Saudi out of recession, oil to fuel GDP growth
Saudi Arabia’s economy pulled out of recession in the first quarter of 2018 after shrinking for the first time in eight years during 2017, official data showed yesterday, and the recovery looks set to accelerate in coming months with a rise in oil production.
Gross domestic product, adjusted for inflation, grew 1.2 percent from a year earlier in the first three months of 2018, the government’s statistics agency said.
GDP had dropped from a year earlier in every quarter of 2017 as a global price-supporting agreement among oil exporting countries caused Saudi Arabia to cut back its crude output.

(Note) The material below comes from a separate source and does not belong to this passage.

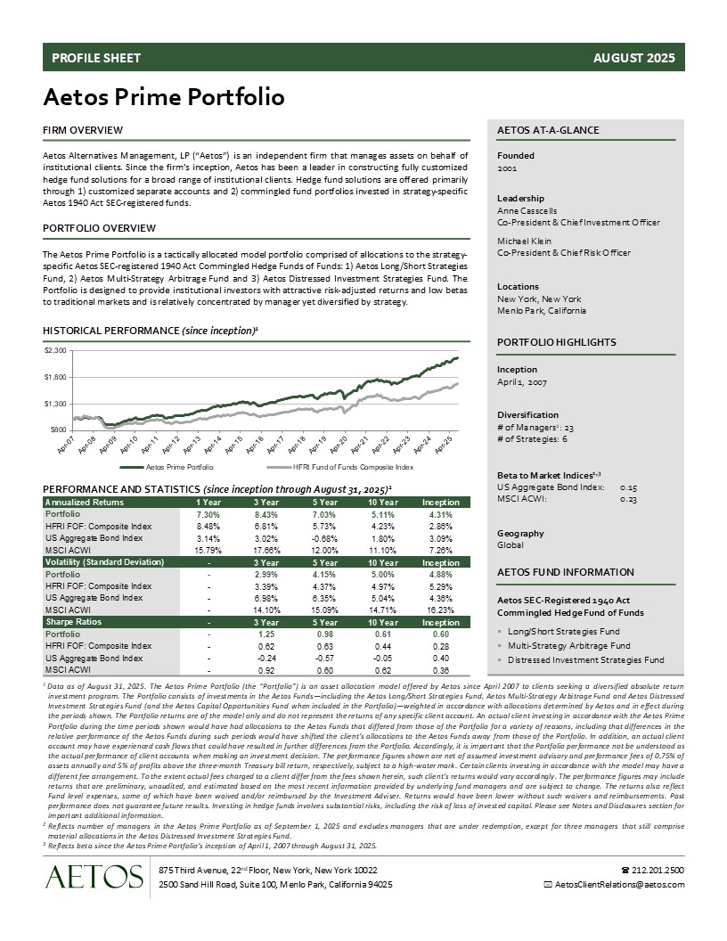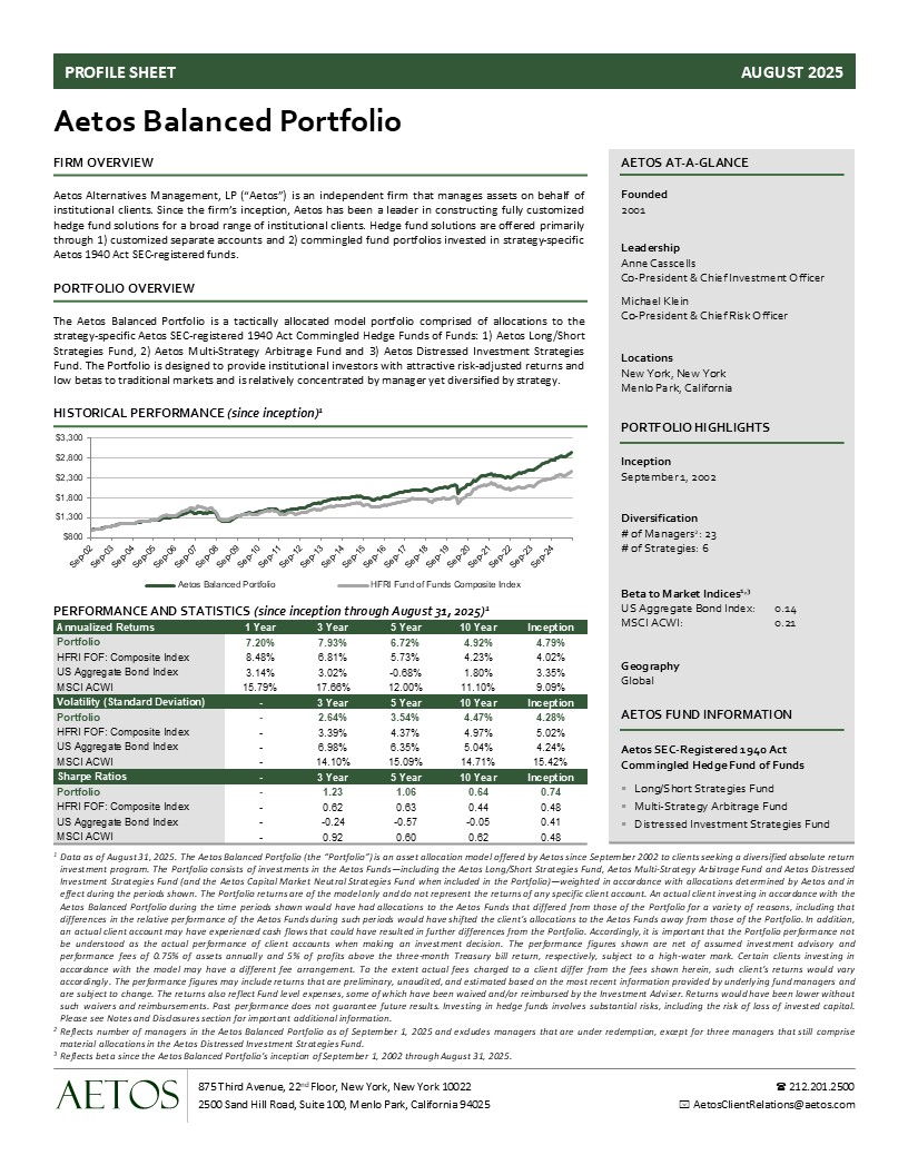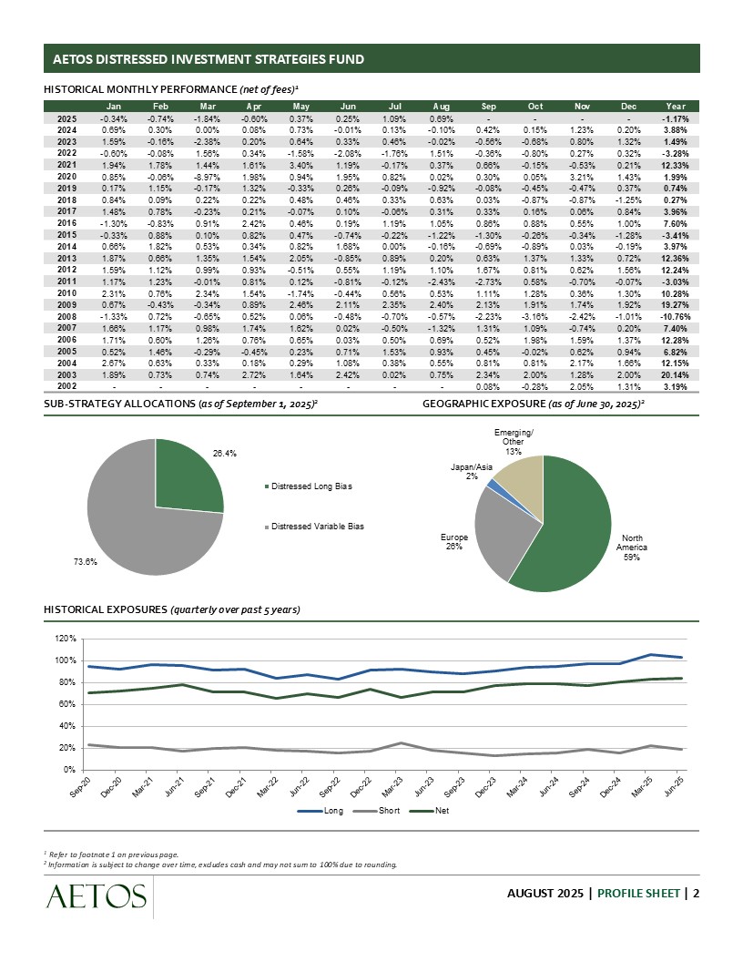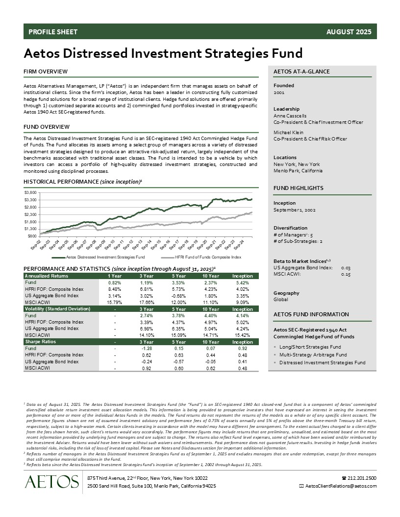 Form ADV of Aetos Alternatives Management, LP, which is available upon request from your Aetos contact and on the SEC website. Aetos Alternatives Management is an SEC-registered investment adviser and serves as investment adviser to
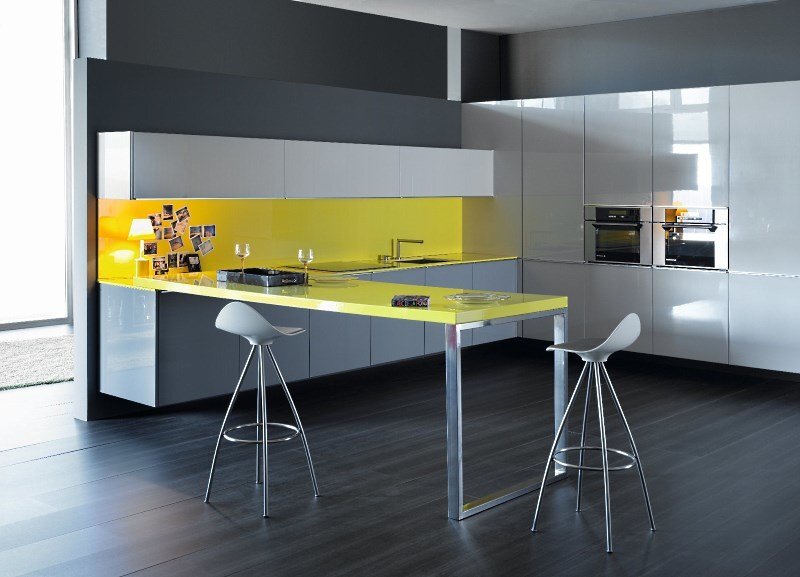 Современный стиль хай-тек универсален. Он одинаково хорошо подходит для просторных апартаментов и малогабаритных квартир. Такая кухня — выбор практичных людей, идущих в ногу со временем. Отделка и обстановка делаются из качественных материалов, изготовленных по передовым технологиям. Стиль недешев, но высокая стоимость оправдана долговечностью и максимальным удобством. Дизайн кухни в стиле хай-тек Отделка В стиле хай-тек преобладают нейтральные цвета: черный, серый, белый, оттенки коричневого, металлические оттенки. Чтобы разбавить однотонные интерьеры, используют яркие контрастные цвета: красный, оранжевый, желтый, зеленый. В отделке используют матовые и глянцевые поверхности. Полированный керамогранит или кафель на полу и глянцевый потолок сочетаются со стенами, окрашенными однотонной интерьерной краской или оклеенными обоями без рисунка. Для акцентных стен используют обои с геометрическим рисунком, алюминиевые или МДФ-панели. Несмотря на технологичность, в интерьерах хай-тек часто

For the whole of 2017, GDP shrank 0.7 percent.
The impact of the oil deal faded at the start of 2018 after Saudi Arabia completed the required cuts. This allowed the oil sector, which comprises over 40 percent of the economy, to grow 0.6 percent from a year ago in the first quarter — a big contrast to its 4.3 percent decline in the last quarter of 2017.

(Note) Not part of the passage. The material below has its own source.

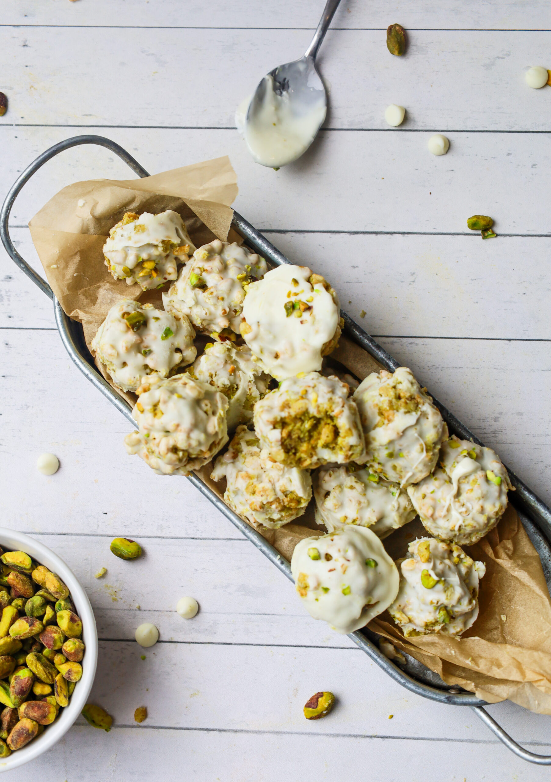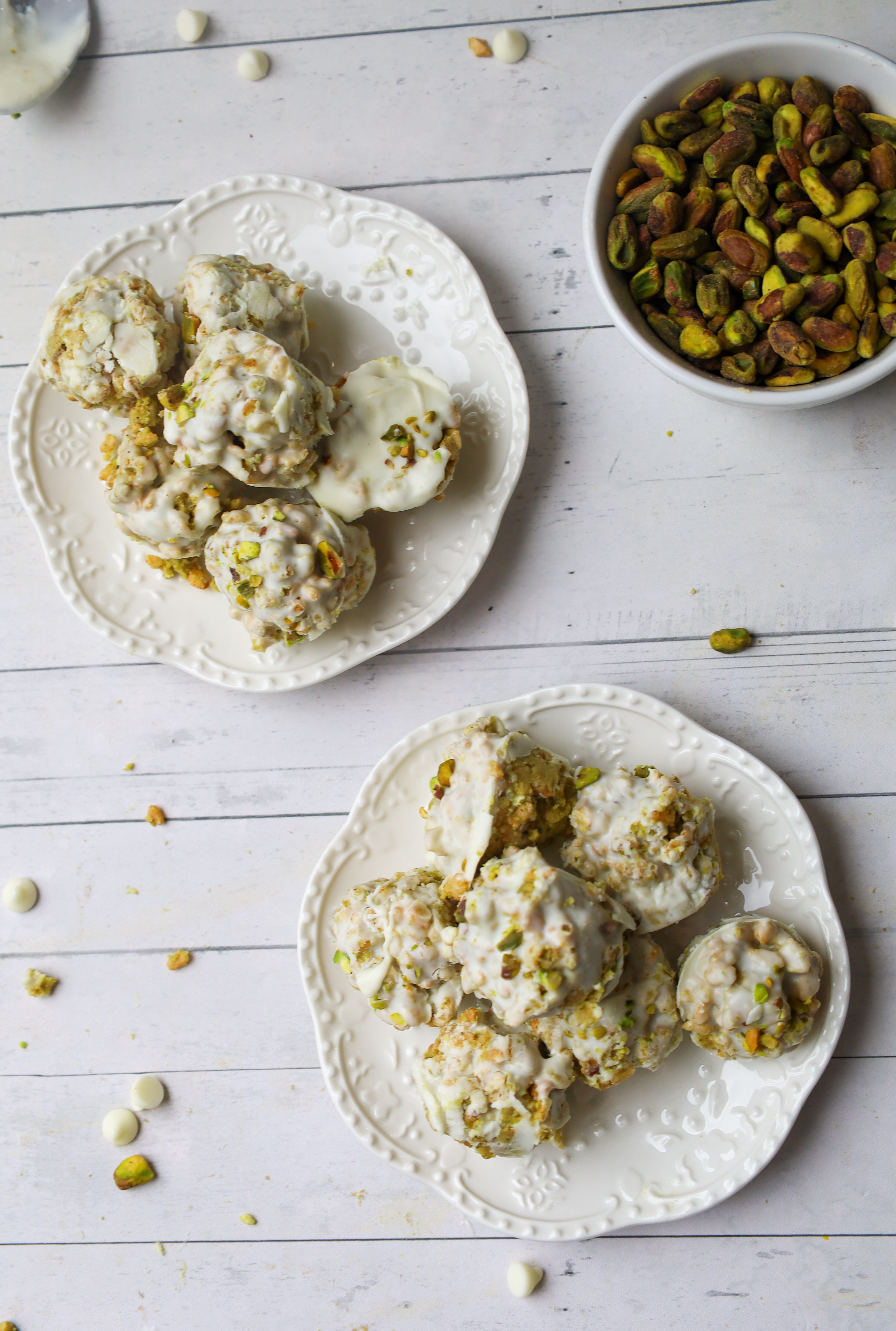 pistachio white chocolate crunch bites (gluten free, vegan option)

Oil prices have been steadily rising since early 2016, when OPEC and non-OPEC producers struck a deal to cut output. In the next several months, Saudi oil production is set to expand.
Global producers agreed last month to boost output by a combined 700,000 to 1 million barrels per day, and as the world’s biggest crude exporter, Riyadh may account for the lion’s share of the increase.